6. The riser base of claim 1, wherein a height defined by the
distance between the top of the raised edge and the bottom side of
the riser base is less than a diameter of an inlet pipe delivering
liquid to a pump station formed on the riser base.
7. The riser base of claim 1, wherein a height defined by the
distance between the raised edge and the bottom side is less than
approximately three inches.
8. The riser base of claim 1, wherein the riser base includes a
member for permitting a threaded fastener to threadingly engage
therewith.
9. The riser base of claim 8, wherein the member receives a
self-tapping threaded fastener.
10. The riser base of claim 8, wherein the member includes at least
two closely spaced spokes.
11. The riser base of claim 1, wherein the riser base is formed in
a substantially circular shape.
12. The riser base of claim 1, wherein the riser base is formed
from plastic material.
13. The riser base of claim 1, wherein the plastic material is
injection molded.
14. A modular lift pump station comprising: a riser base having a
top side, a bottom side, and a height defined by a distance between
the top side and the bottom side, the height being less than a
diameter of a pipe delivering liquid to the lift pump station; a
pump positioned on the riser base for pumping liquid from the riser
base to a lift height; and at least one riser stacked on the riser
base, the riser permitting the liquid to discharge at the lift
height through an outlet pipe extending through a sidewall of the
riser.
15. The modular lift pump station of claim 14 wherein the riser
base further comprises: a top side having a surface for supporting
the pump, a bottom side having reinforcing support structure for
strengthening the riser base; and a raised perimeter edge extending
from the surface of the top side forming a connecting edge member
for connecting to a riser.
16. The modular lift pump station of claim 15, wherein the
connecting edge member is one of a tongue and a substantially
U-shaped cross-section groove for a tongue and groove connection
joint.
17. The modular station of claim 15, wherein the top side includes
a substantially flat surface.
18. The modular station of claim 14, further comprising: a cover to
close off the modular lift pump station.
19. The modular station of claim 15, wherein the riser base
includes: an outer band encompassing the perimeter edge and a
plurality of spokes extending between the perimeter edge and the
outer band.
20. The modular station of claim 19, wherein the support structure
includes a plurality of ribs extending radially from the center of
the riser base to the outer band.
21. The modular station of claim 19, wherein the support structure
further includes at least one intermediate band positioned radially
inward relative to the outer band, the at least one intermediate
band adapted to connect the radial stiffening ribs together at an
intermediate radial location.
22. The modular station of claim 14, wherein the height of the
riser base is less than approximately three inches.
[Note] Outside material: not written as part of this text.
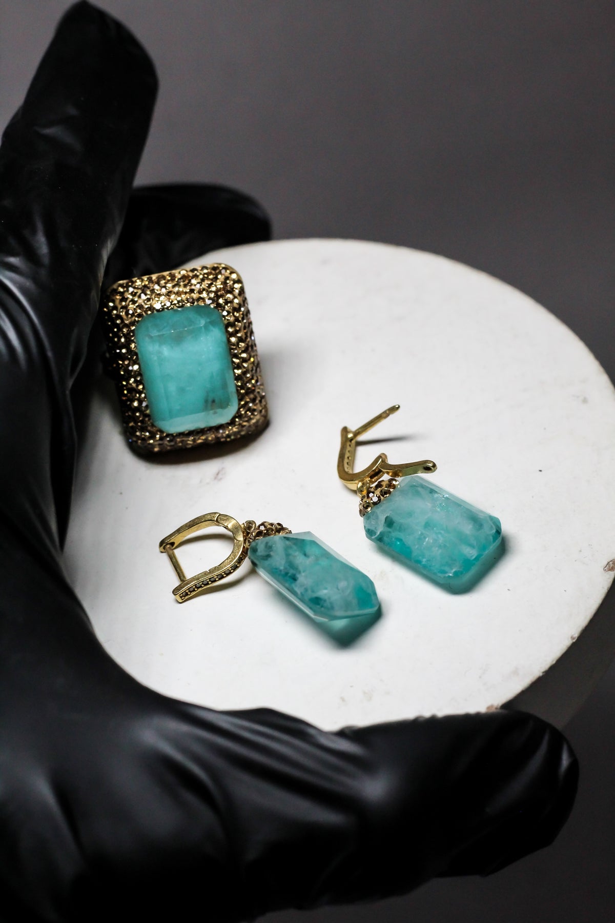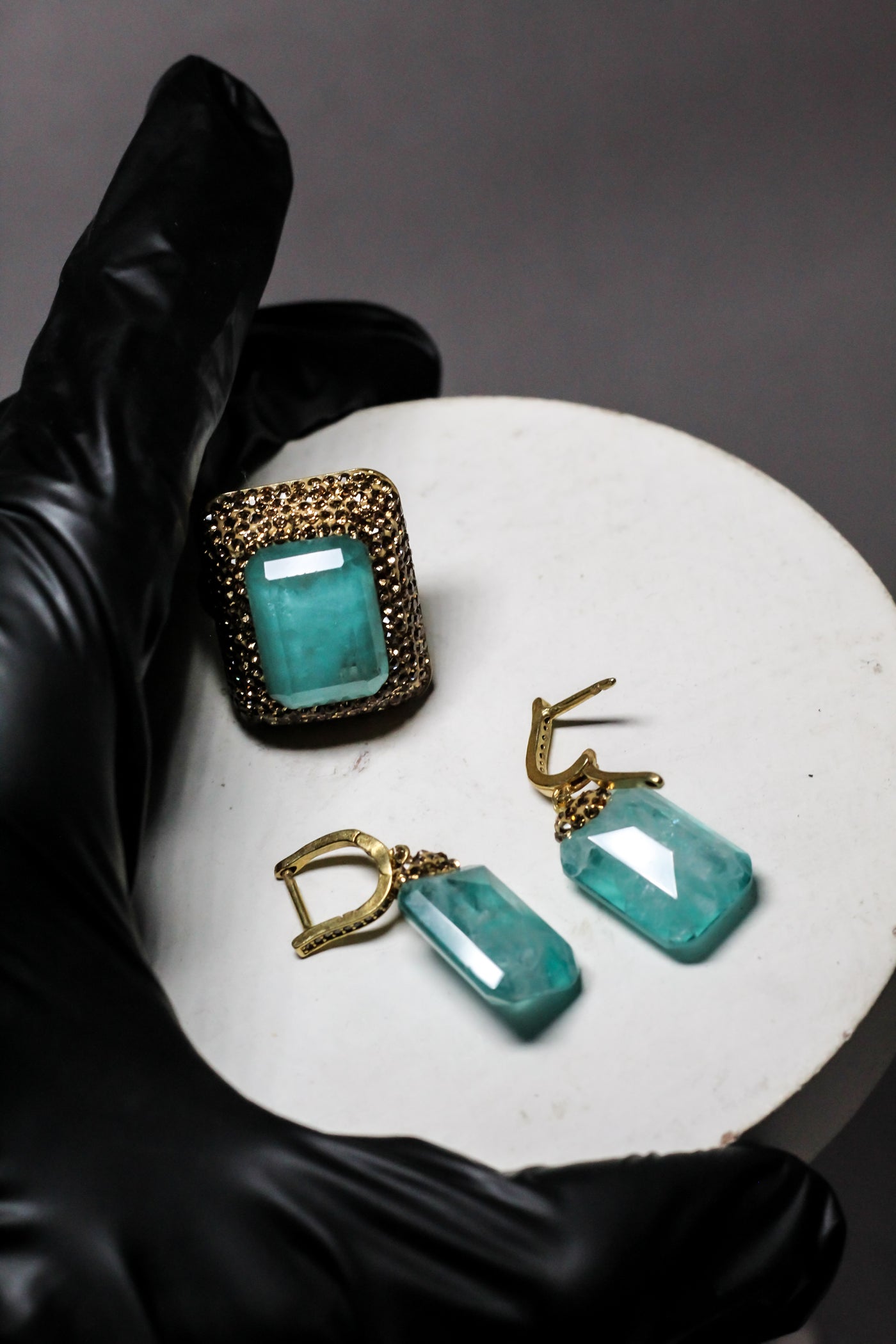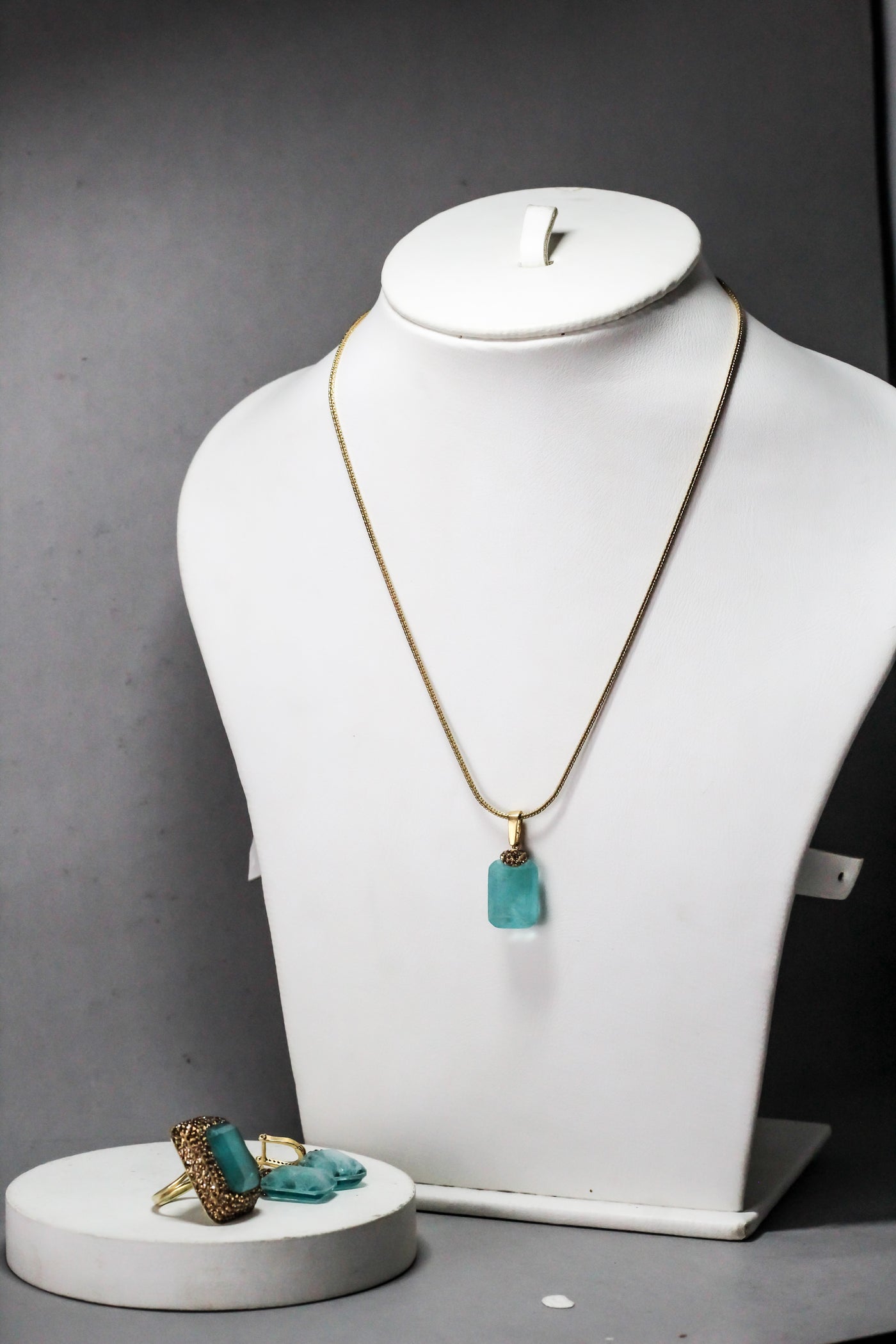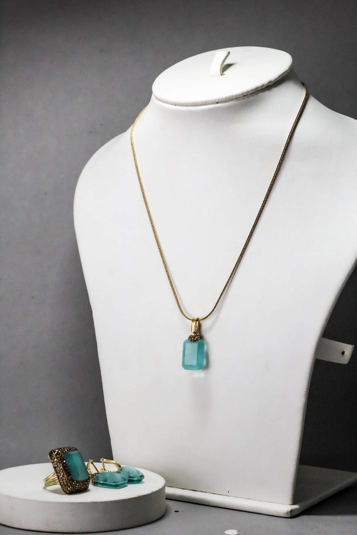 Matching necklace, ring, and earrings create a perfectly coordinated set.

23. The modular station of claim 14, wherein the riser base
includes a member for permitting a threaded fastener to threadingly
engage therewith.
24. The modular station of claim 23, wherein the member is
engageable with a self-tapping threaded fastener.
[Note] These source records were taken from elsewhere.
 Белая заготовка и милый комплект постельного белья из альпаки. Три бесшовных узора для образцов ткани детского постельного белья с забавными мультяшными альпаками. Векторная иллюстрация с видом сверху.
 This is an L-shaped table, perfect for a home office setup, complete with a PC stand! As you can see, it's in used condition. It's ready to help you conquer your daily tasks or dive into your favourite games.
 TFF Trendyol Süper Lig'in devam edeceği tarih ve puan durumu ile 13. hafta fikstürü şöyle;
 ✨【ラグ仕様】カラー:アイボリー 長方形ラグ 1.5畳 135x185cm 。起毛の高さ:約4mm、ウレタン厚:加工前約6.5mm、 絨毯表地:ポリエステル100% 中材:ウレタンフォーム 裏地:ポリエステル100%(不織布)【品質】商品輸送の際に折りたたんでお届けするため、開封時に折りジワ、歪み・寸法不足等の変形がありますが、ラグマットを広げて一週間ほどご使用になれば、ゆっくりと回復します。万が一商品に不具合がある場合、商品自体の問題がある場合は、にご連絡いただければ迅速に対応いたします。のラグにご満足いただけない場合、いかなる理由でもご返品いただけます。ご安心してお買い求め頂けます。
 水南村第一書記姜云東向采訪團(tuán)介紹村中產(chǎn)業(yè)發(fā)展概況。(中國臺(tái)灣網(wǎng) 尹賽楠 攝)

25. The modular station of claim 14, wherein the riser base is
formed in a substantially circular shape.
26. The modular station of claim 14, wherein the riser base
includes a connecting edge for connecting with an adjacent
riser.
27. The modular station of claim 14, wherein a first riser is
configured to stack on top of the riser base, the riser having a
groove formed in the bottom side thereof for receiving the raised
perimeter edge of the riser base therein, wherein the edge and
groove form a locking tongue and groove engagement between the
riser base and the riser.
28. The modular station of claim 14, wherein each riser includes a
raised perimeter edge formed on a top side and a mating groove
formed in a bottom side for permitting a plurality of risers to
stackingly engage one another with a tongue and groove
arrangement.
29. The modular station of claim 14, wherein each riser further
includes at least one cut-out section forming a through aperture
for permitting an inlet or outlet pipe to extend therethrough.
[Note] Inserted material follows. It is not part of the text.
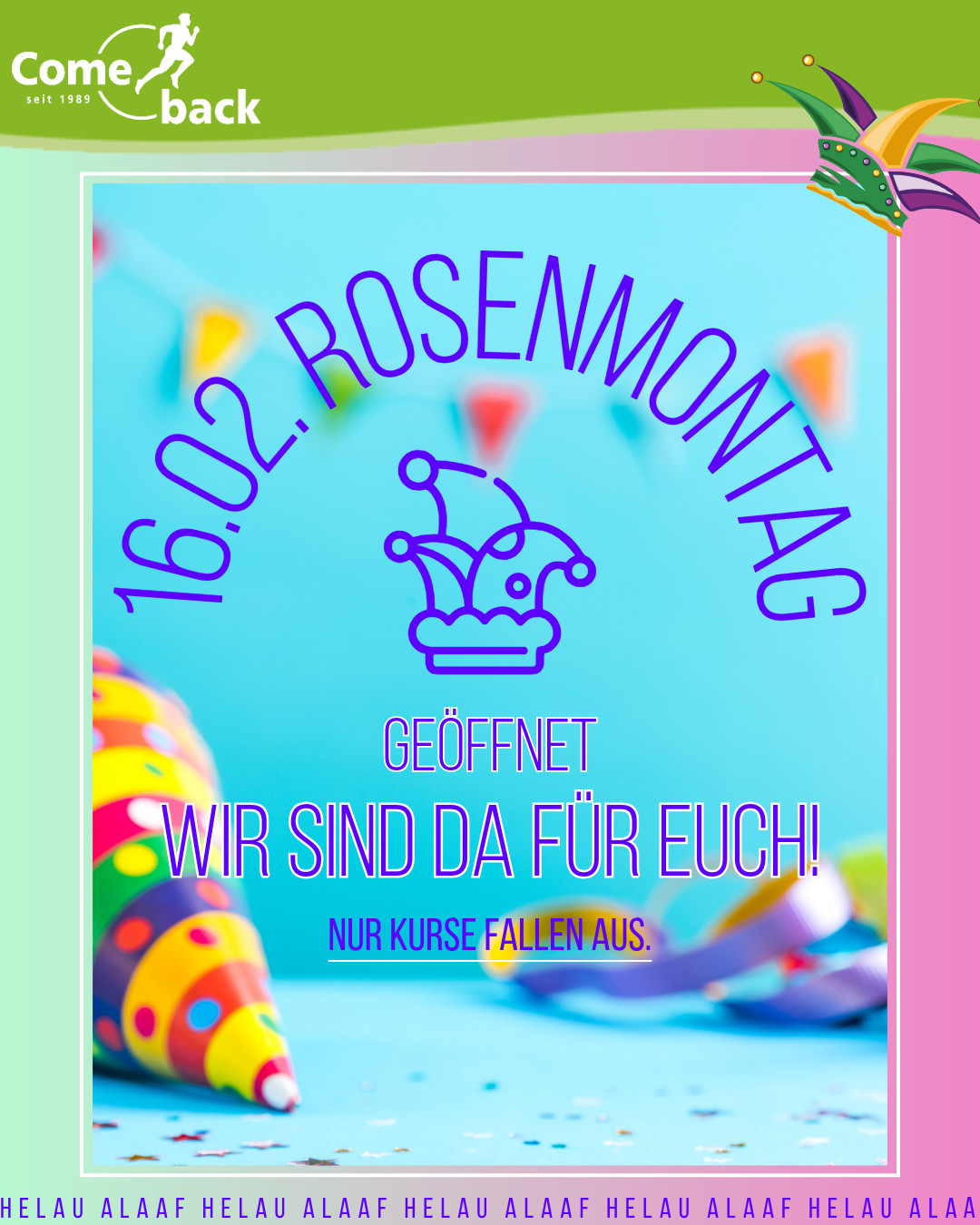 Helau & Alaaf! Auch an Rosenmontag lassen wir euch nicht hängen. Unsere Trainingsfläche ist wie gewohnt geöffnet und ihr könnt ganz normal trainieren. Bitte Beachtet:Unsere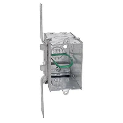 7TBA001500R0057 ABB: Gangable Switch Box, 18 Cubic Inches, 3 Inches Long x 2 Inches Wide x 3-1/2 Inches Deep, 1/2 Inch Knockouts, Pre-Galvanized Steel, Non-Metallic Cable Clamps (C-5), 10-1/2 Inch #12 AWG Solid Pigtail, and CV Bracket 7/8 Inches, For use with Non-Metallic Sheathed Cable

30. The modular station of claim 14, wherein the riser base is
formed in a substantially circular shape.
31. The modular station of claim 14, wherein each riser includes a
plurality of stiffening ribs on at least one of an inner surface
and an outer surface.
32. The modular station of claim 14, wherein the riser base forms a
base for a sump pump station.
33. The modular station of claim 14, including a cover sealingly
engaged with a riser.
34. A method for pumping effluent with a lift pump station
comprising: providing a riser base having a height less than a
diameter of an inlet pipe; positioning a pump on the riser base;
stacking at least one riser on the riser base to a lift height
required to pump effluent to a desired elevated location;
positioning at least one outlet pipe through a side wall of a riser
corresponding to the lift height required to pump effluent; and
pumping effluent from the lift pump station through the at least
one outlet pipe;
35. The method of claim 34, further comprising: sealing a
connection between the riser base and the riser.
36. The method of claim 34, further comprising: fitting a cover
over an uppermost riser to close off the lift station.
37. A method for converting a riser to a lift station, comprising:
providing a riser base having a height less than a diameter of an
inlet pipe; positioning a pump on the riser base; stacking at least
one riser on the riser base to a lift height required to pump
effluent to a required elevated location; sealing a connection
between the riser and the riser base; and positioning at least one
outlet pipe through a side wall of a riser corresponding to the
predetermined lift height required to pump effluent.
38. The method of claim 37, further comprising: sealing a
connection between the riser base, the first riser, and each
subsequent riser with a sealing member.
39. The method of claim 38, wherein the sealing member is a mastic
sealant or a preformed gasket.
40. The method of claim 37, further comprising: fitting a cover
over an uppermost riser to close off the lift station.
41. A drainage holding unit, comprising: a riser base having a top
side, a bottom side, and a height defined by a distance between the
top side and the bottom side, the height being less than a diameter
of a pipe delivering fluid to the holding unit; at least one riser
stacked on the riser base to hold the fluid; an inlet pipe
connected to the riser for delivering fluid from a relatively
higher location; and an outlet pipe connected to the riser for
discharging the fluid to a relatively lower location.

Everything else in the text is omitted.